Nel 2016, in Italia, il comparto arriva a fatturare 40 miliardi. Green, nuovi materiali e infomobilità le maggiori linee di sviluppo per il futuro

 Presentata questa mattina al Circolo dei Lettori, nell’ambito di un ampio convegno dedicato a stampa e operatori del settore, l’ultima edizione dell’Osservatorio sulla componentistica italiana, indagine realizzata dalla Camera di commercio di Torino, dall’ANFIA e dal Centro CAMI dell’Università Ca’ Foscari di Venezia.

Come ha illustrato Vincenzo Ilotte, Presidente della Camera di commercio di Torino nel discorso di apertura: “Registriamo ancora dati positivi per la componentistica italiana, che con 40 miliardi di fatturato nel 2016 realizza una variazione del +4,3% rispetto all’anno scorso. Il Piemonte si conferma come sempre protagonista: con il 36% delle aziende ricava il 40% del fatturato nazionale, attestandosi sui 16 miliardi di euro con una crescita decisa del 7%. Maggiore anche la propensione verso i mercati esteri, che riguarda l’82% delle imprese piemontesi, rispetto ad una media italiana del 76%. Proprio dalle vendite internazionali proviene il 40% del fatturato della filiera piemontese “.
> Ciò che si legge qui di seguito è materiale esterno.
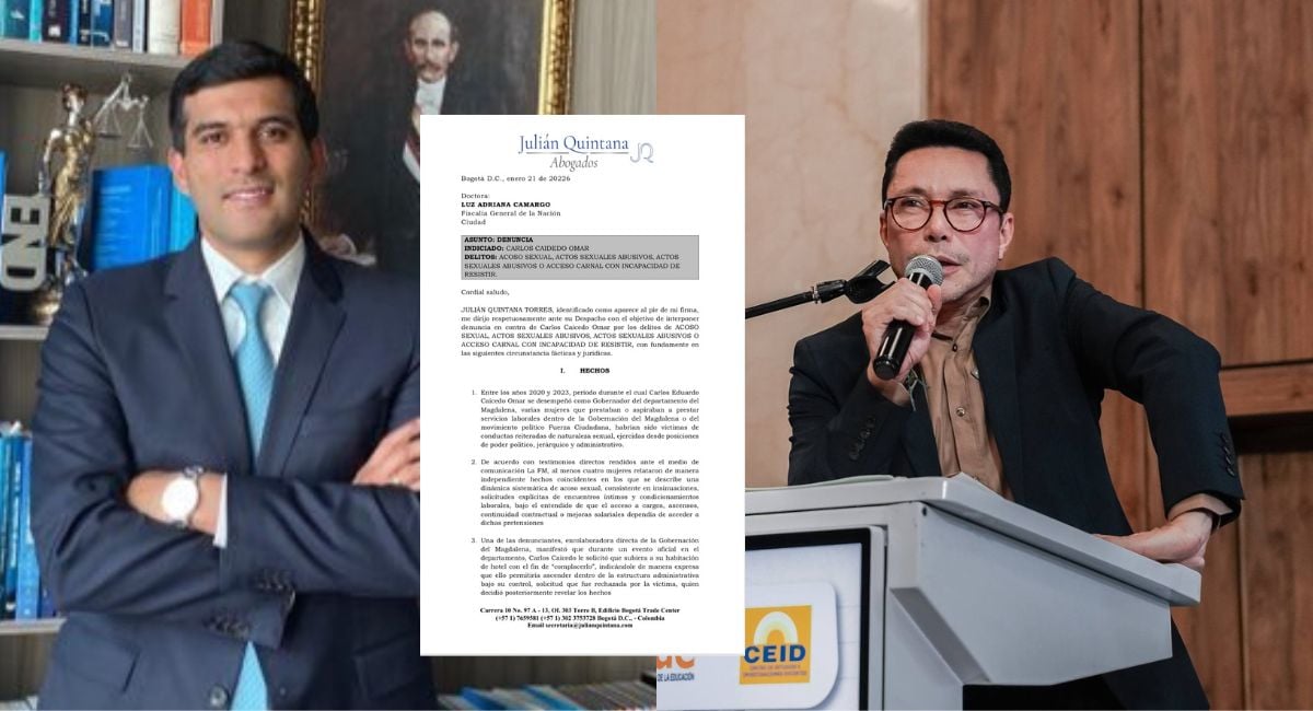 Ante estos hechos, el abogado Julián Quintana, anunció que denunció ante la Fiscalía General de la Nación al exgobernador Caicedo, por presunto acoso y abuso sexual.

In uno scenario globale che nel 2016 vede la produzione e la domanda di autoveicoli ancora in crescita, con oltre 95 milioni di unità nel primo caso e oltre 94 nel secondo, la componentistica italiana si allinea alle evoluzioni dei maggiori mercati rafforzando i propri livelli di competitività attraverso nuovi investimenti e processi di internazionalizzazione – ha dichiarato Giuseppe Barile, Presidente del Gruppo Componenti ANFIA. In Italia, dove la produzione del settore automotive è cresciuta del 7% nel 2016, contro il +1,7% della produzione industriale nel suo complesso, e gli 1,1 milioni di autoveicoli prodotti ci qualificano come il sesto Paese produttore in UE, la componentistica dà un contributo importante anche alla bilancia commerciale, manenendo da oltre 20 anni un saldo positivo, pari a 5,5 miliardi di Euro nel 2016 (+0,3%) e circa 3 miliardi nel primo semestre 2017, a conferma di un consolidato successo internazionale”.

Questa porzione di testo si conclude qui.